_EXERCISE DESCRIPTION_
Only the lines below from the one with "Vista general del ensayo" through the one with "Bánhidi László - polgármester" are to be written out, exactly and without any images.

_DATA SECTION_
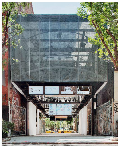
Pavillon BMW Guggenheim Lab aus Carbonträgern (vgl. TEC21 40/2011).
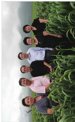
(左一：河北省老年产业协会秘书长 田晶丽 左二：蔚县委书记 王志军 左三：河北省委农工部部长 董经纬 右三：河北省农林科学院院长、总农艺师 赵治涛 右二：河北省老年产业协会常务副会长 朱作芳 右一：蔚县政协副主席 贾智彬)
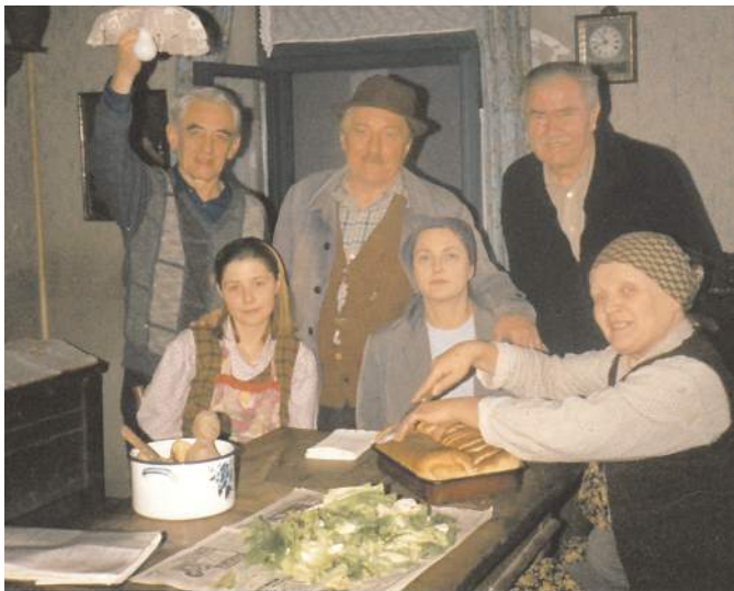
Fotografija sa snimanja Dirigenta i mužiakaša
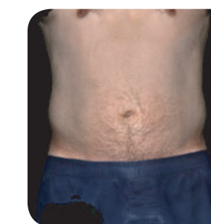
Après 1 mois
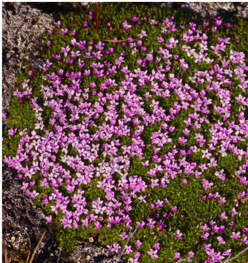
Grønlandsk blåklokke (tv) og tue-limurt (th)
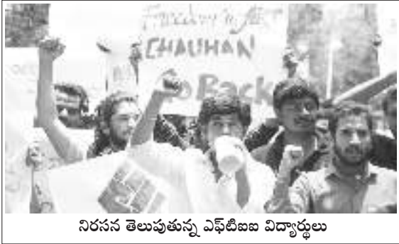
నిరసన తెలుపుతున్న ఎఫ్టీబిఐ విద్యార్థులు

“ మరో ఆశాకరణం ఏమంటే విద్యార్థుల యొక్క నిలకడైన, సాహసోపేతమైన పోరాటాలు. ఉన్నత విద్యకు సంబంధించిన అనేక సంస్థలలో ప్రమాదాలకు, వారి చదువు, భవిష్యత్తుకే కాక ఆఖరికి తమ ప్రాణాలకు కూడా ఆపాయం పొంది ఉన్నా ప్రజాస్వామిక హక్కుల రక్షణకు తమ విజ్ఞానం ద్వారా అసమ్మతినీ తెలుపుతున్నారు. ”
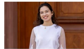
Denitsa aus Pleven, Bulgarien
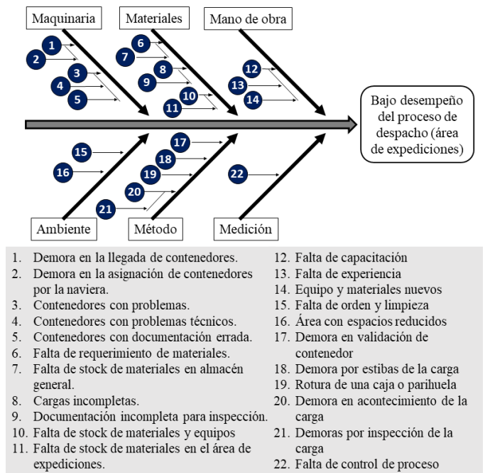
Fig. 1 Causas que afectan la productividad total actual del proceso.

En la Tabla II, se aprecian el resumen de los datos del Check List actual de las 5 S (PRE-TEST) del área de expediciones, como se puede apreciar el área tiene una calificación de 110 de un total de 250, siendo el 44 % del total.
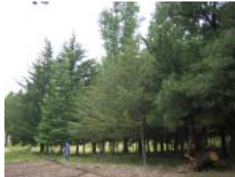
Vista general del ensayo
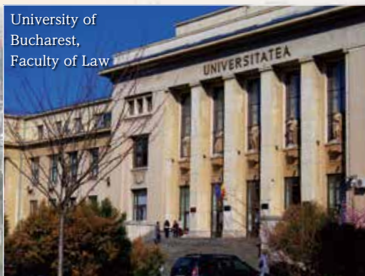
University of Bucharest, Faculty of Law
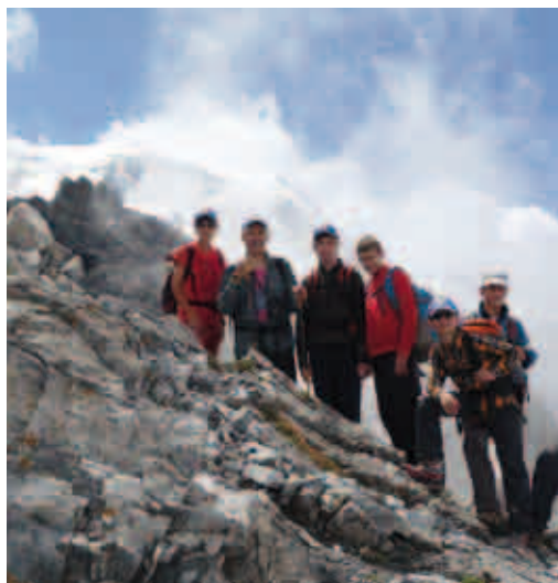
Al Rifugio Payer
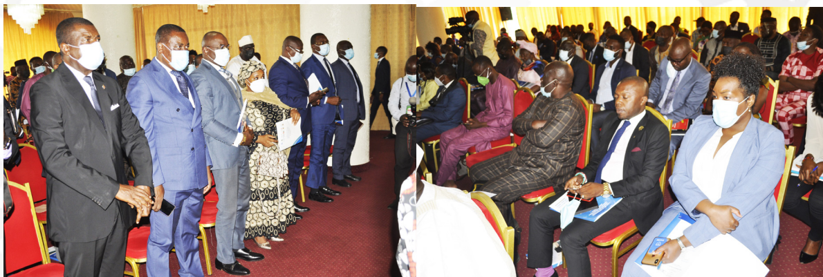
Une attitude des participants à l'atelier de présentation au public du Rapport ITIE 2018.
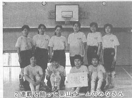
2連覇を飾った栗山チームのみなさん

町内のママさんバレー7チームが参加した「あじさい大会」が6月6日、上界小学校体育館で行われました。
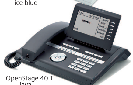
OpenStage 40 T lava
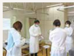
ガウンや手袋の着脱練習
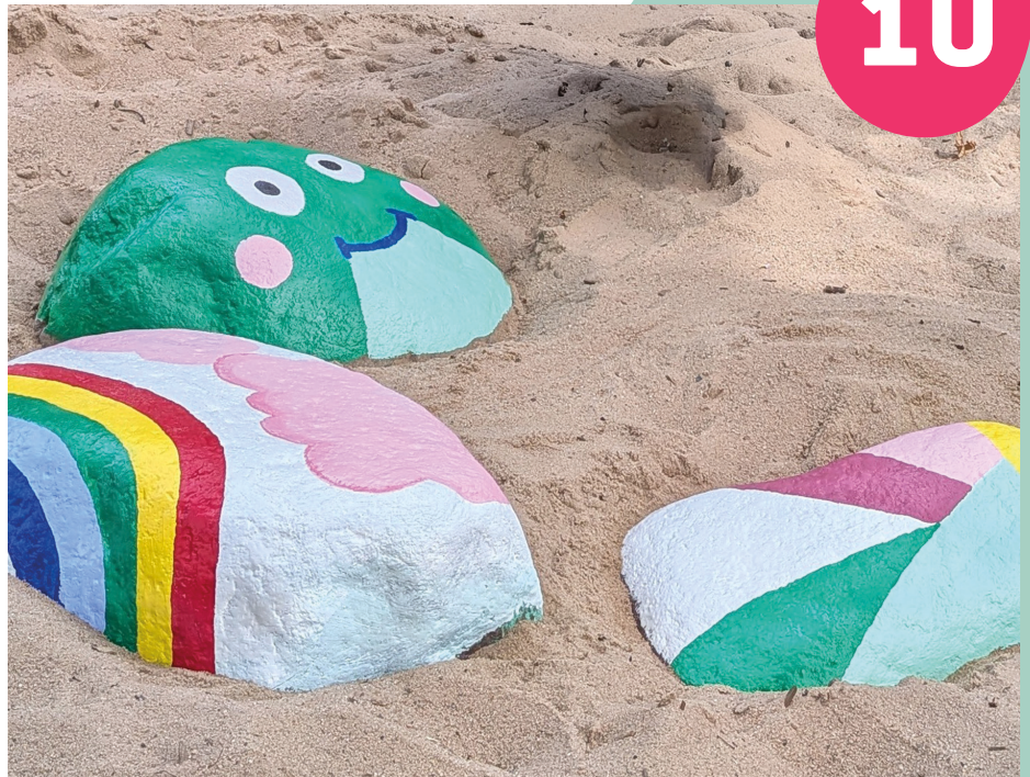
Kunterbunte Kiesel
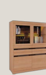
Komoda 4D2S 126 / 43 / 158
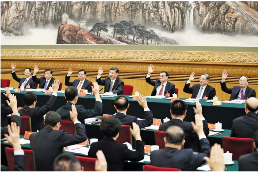
10月23日，中国共产党第十九次全国代表大会主席团在北京人民大会堂举行第四次全体会议。习近平、李克强、张德江、俞正声、刘云山、王岐山、张高丽等出席会议。

新华社北京10月23日电 中国共产党第十九次全国代表大会主席团22日晚和23日上午在人民大会堂举行第三次和第四次全体会议，通过十九届中央委员会委员、候补委员和中央纪委检查委员会委员候选人名单(草案)，提交各代表团酝酿。
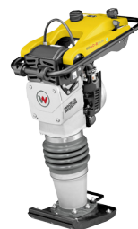
Wacker BS 60-2 plus
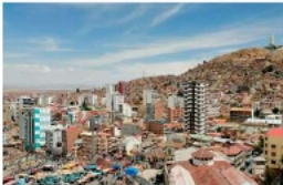
Oruro aún no cuenta con su Carta Orgánica / LA PATRIA

El 19 de febrero se concretó el segundo sorteo del documento, lo que representa un avance en el procedimiento constitucional. Sin embargo, aún no se cuenta con un informe oficial sobre su estado. Por ello, se solicitó formalmente información a esa instancia.
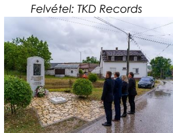
Bánhidi László - polgármester

Május 31. A vasárnapi misét követően, Hősök napja alkalmából megkoszorúztuk képviselőtársaimmal az I. és II. világháborús emlékműveket, valamint a nemrégiben kialakított szovjet hősi emlékművet. A kialakult járványügyi helyzet nem tette lehetővé a nagyobb tömeget vonzó megemlékezés megszervezését.
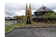
⑤⑧ なまはげオートキャンプ場
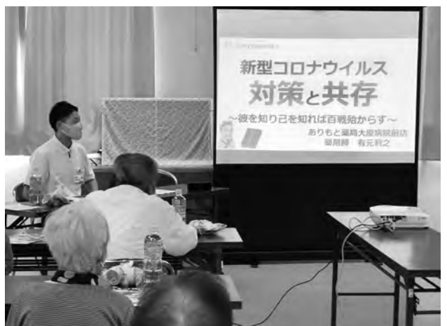
薬剤師会による講話
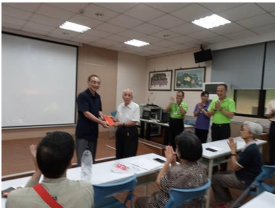
馮主任委員致贈秋節加菜金

馮主委也感謝榮家同仁的努力與付出，使住民們都能受到最用心的服務與照顧，也期勉榮家同仁們，能持續做好服務照顧工作，讓住民感受如家人般的溫馨照護，營造快樂的頤養環境。
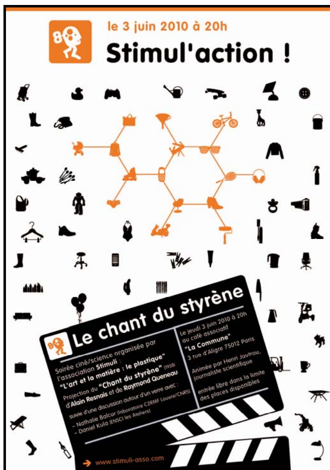
Affiche du Stimul'Action du 3 juin 2010 (conception www.lézard-graphique.net )

Le premier Stimul'Action a eu lieu le 3 juin 2010 en soirée. Le film projeté était un moyen métrage d'Alain Resnais (1958), « Le Chant du Styrène », qui traite de la fabrication de la matière plastique.
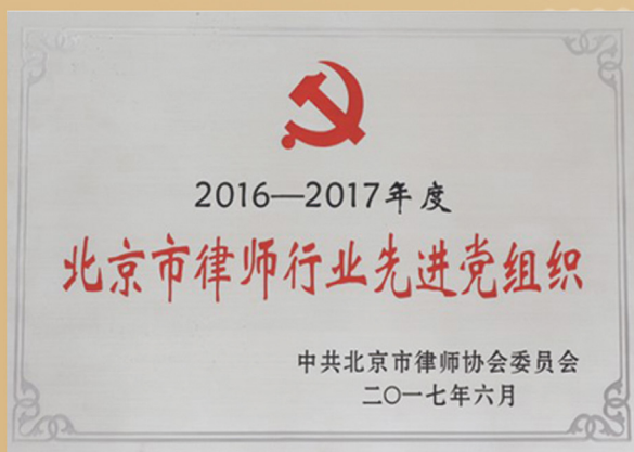
北京市律师行业先进党组织
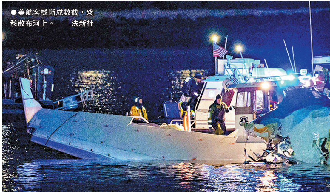
●美航客機斷成數截，殘骸散布河上。

香港文匯報訊 美國首都華盛頓周三(1月29日)晚發生客機與美軍直升機相撞的罕見意外，一架載有60名乘客和4名機組人員的美國航空公司客機，在準備降落里根國家機場期間，在機場附近的波多馬克河上空，與一架軍方黑鷹直升機相撞，兩機墜毀河中。大批救援人員趕到現場搜救，當局稱暫時在兩機殘骸上共發現28具遺體，未發現生還者跡象，相信事故中無人生還。
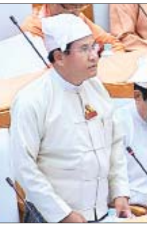
ဒုတိယဝန်ကြီး ဦးတင်မြင့်
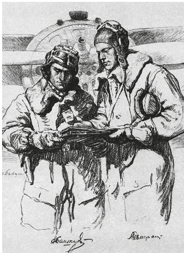
А. Башкиров и А. Севастьянов (справа). Автолитография Н. Пильщикова по рисунку, исполненному до 10 ноября 1941 г. (10 ноября младший лейтенант Башкиров погиб). 1942 г.

в ночь с 4 на 5 ноября он уничтожил в воздушном бою над Ленинградом еще один самолет противника. 5 ноября в приказе по полку сообщалось, что Севастьянов, «израсходовав боекомплект патронов и снарядов РС» (т. е. 4 реактивных снаряда), на высоте 5000 м решил тараном сбить вражеский бомбардировщик Ю-88 20 .
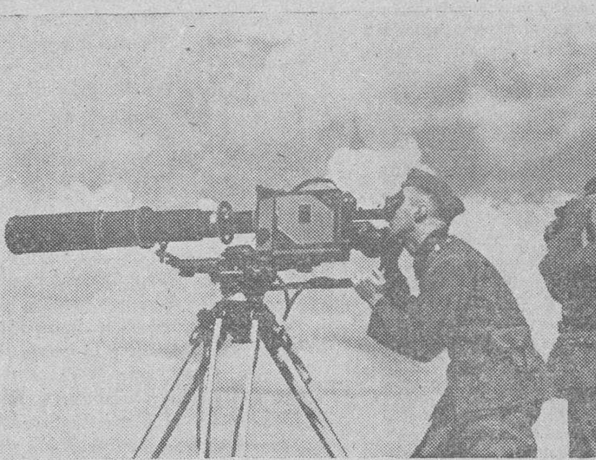
Mientras las baterías alemanas disparan contra las líneas soviéticas, se observa la precisión del tiro por medio de estos potentes aparatos.
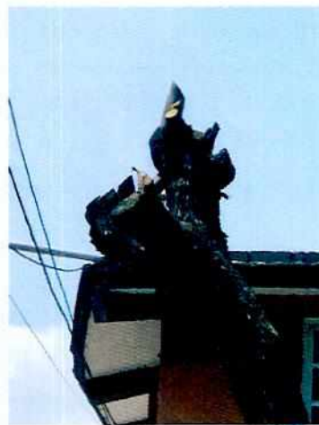
Imagen 1-3. Jacaranda ( Jacaranda mimosifolia ) afectada, motivo de denuncia.
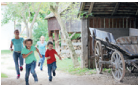
Museumsdorf Niedersulz – das Dorf für die ganze Familie.
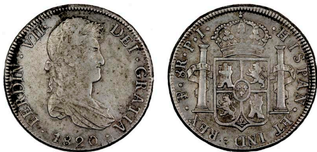
246 Fernando VII 8 Reales 1820 PJ, prata, KM#84, MBC
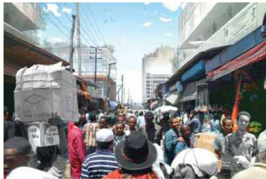
Networks – Mercato Addis Abeba, Professur MAS UD, Marc Angélil ETHZ

Rolle. Der «Réalités parallèles» bezeichnete Lehransatz beinhaltet u. a. die gleichzeitige oder parallele Anwendung unterschiedlicher Werkzeuge, wie Modelle, Bilder, 3-D-Software, CAD usw. Das «Herstellen» im virtuellen wie im physischen Sinn spielt eine wesentliche Rolle. Wenige ausgestellte Modell-Objekte, knallig rote Farbflächen und ein Film zum in London realisierten Studienprojekt «Overflow» – einer aus mehr als 800 einzelnen Teilen gefügten netzartigen Struktur aus Styropor – die auf die Gezeiten der Themse reagiert, veranschaulichen den Ansatz, die Studenten in ihren Arbeiten möglichst an den Massstab 1:1 heranzuführen.
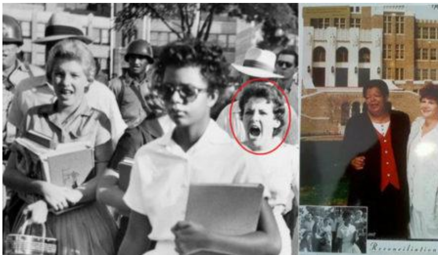
Figura 1.4 Elizabeth Eckford e Hazel Bryan em 1957 e em 1997

_TASK ANSWER_
Vista general del ensayo
University of Bucharest, Faculty of Law
Al Rifugio Payer
Une attitude des participants à l'atelier de présentation au public du Rapport ITIE 2018.
2連覇を飾った栗山チームのみなさん

町内のママさんバレー7チームが参加した「あじさい大会」が6月6日、上界小学校体育館で行われました。
OpenStage 40 T lava
ガウンや手袋の着脱練習
Kunterbunte Kiesel
Komoda 4D2S 126 / 43 / 158
10月23日，中国共产党第十九次全国代表大会主席团在北京人民大会堂举行第四次全体会议。习近平、李克强、张德江、俞正声、刘云山、王岐山、张高丽等出席会议。

新华社北京10月23日电 中国共产党第十九次全国代表大会主席团22日晚和23日上午在人民大会堂举行第三次和第四次全体会议，通过十九届中央委员会委员、候补委员和中央纪委检查委员会委员候选人名单(草案)，提交各代表团酝酿。
Wacker BS 60-2 plus
Oruro aún no cuenta con su Carta Orgánica / LA PATRIA

El 19 de febrero se concretó el segundo sorteo del documento, lo que representa un avance en el procedimiento constitucional. Sin embargo, aún no se cuenta con un informe oficial sobre su estado. Por ello, se solicitó formalmente información a esa instancia.
Bánhidi László - polgármester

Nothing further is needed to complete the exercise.